[PATCH v6 2/3] gpio: Cygnus: add GPIO driver
rjui at broadcom.com
Fri Jan 16 16:11:14 PST 2015
On 1/16/2015 2:14 AM, Linus Walleij wrote:
> On Tue, Jan 13, 2015 at 6:05 PM, Ray Jui <rjui at broadcom.com> wrote:
>> On 1/13/2015 12:53 AM, Linus Walleij wrote:
>>> On Tue, Dec 16, 2014 at 3:18 AM, Ray Jui <rjui at broadcom.com> wrote:
>>>> +/* drive strength control for ASIU GPIO */
>>>> +#define CYGNUS_GPIO_ASIU_DRV0_CTRL_OFFSET 0x58
>>>> +/* drive strength control for CCM GPIO */
>>>> +#define CYGNUS_GPIO_CCM_DRV0_CTRL_OFFSET 0x00
>>> This stuff (drive strength) is pin control, pin config.
>>> It does not belong in a pure GPIO driver.
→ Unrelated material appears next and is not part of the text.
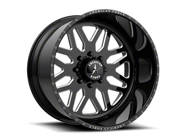 American Force B02 Trax SS Gloss Black Machined 8-Lug Wheel; 22x10; -25mm Offset The American Force B02 Trax SS Gloss Black Machined 8-Lug Wheel combines a sleek, sophisticated design with premium construction that enhances the visual appeal and complements a wide range of vehicle styles. This wheel is perfect for those seeking to make a bold statement while maintaining elegance and robustness.

If you're
>>> making a combined pin control + GPIO driver, it
>>> shall be put in drivers/pinctrl/*
>> Okay, I have some questions here. Are you suggesting me to register this
>> driver to both the pinctrl subsystem and gpiolib and move it to under
> Either you can have a combined driver in drivers/pinctrl/*
> which has one probe() function calling pinctrl_register(),
> gpiochip_add(), gpiochip_add_pin_range(), having the gpio
> parts call into the pin control backend with
> pinctrl_request_gpio(), pinctrl_free_gpio(),
> pinctrl_gpio_direction_input(), pinctrl_gpio_direction_output().
> Or you can split it in one driver in drivers/pinctrl/*
> dealing with just the pin control stuff, and another driver
> in drivers/gpio/* dealing with the GPIO stuff, each with one
> probe() function.
> If they are using the same register range, the first approach
> is probably most intuitive. If the pin control and GPIO parts
> are separated in different register ranges, probably the
> second approach is the best.
>> Or Are you suggesting me to combine this driver with the other Cygnus
>> pinctrl driver (which only supports pinmux)?
> Depends on which hardware block the pin control-like
> registers belongs in. See per above.
>> Note in Cygnus, all pinmux logic is done in the pinmux block. And there
>> are 3 GPIO controllers, that handle GPIO, drive strength of the GPIO
>> pins, internal pull up/down of the GPIO pins, which are handled in this
>> driver. So this driver is generic to all 3 GPIO controllers, as you can
>> see from the device tree bindings, there are 3 nodes.
>> Therefore, I think it makes sense to have one pinmux driver that handles
>> the pinmux block, and one generic pinctrl + gpio driver that handles
>> functions supported by all 3 GPIO controllers. Does this make sense to you?
> Some hardware designs put the software-controlled biasing
> resistors in the GPIO block electronically connected to the actual
> pins, so that e.g. the biasing will be available if some MMC or
> whatever is using the same pins in another muxing. In such
> situations it's quite evident that they need to be a combined
> GPIO and pin controller.
> I have some regrets that bolting a second pin controller to the
> GPIO chip make things a bit complex but it's a price we have
> to pay for getting some kind of generic interface.
> Linus Walleij
Okay. In summary, I think both of us think the following approach makes
sense in my situation:
- leave pinmux in pinctrl-bcm-cygnus.c
- leave pinctrl + gpio in pinctrl-bcm-cygnus-gpio.c under drivers/pinctrl/*
But by thinking about this more, I thought this would create duplicated
pinctrl descriptors in our system, one from the pinmux driver, and the
other from this pinctrl+gpio driver. That is probably undesirable?
By reviewing various drivers in the pinctrl directory, I found what
pinctrl-u300.c and pinctrl-coh901.c does seems to serve as a good model
for me to follow:
- pinctrl-u300.c is the pinmux driver
- pinctrl-coh901.c is the gpio+pinctrl driver
The GPIO pinctrl logic is in the coh901 block, so pinctrl-coh901.c
exposed two public functions u300_gpio_config_get, u300_gpio_config_set
that pinctrl-u300.c can use. The u300 populates all pinmux/pinctrl
related functions into the subsystem. This way there's only one pinctrl
descriptor, populated through pinctrl-u300.c.
Does that model make more sense to you?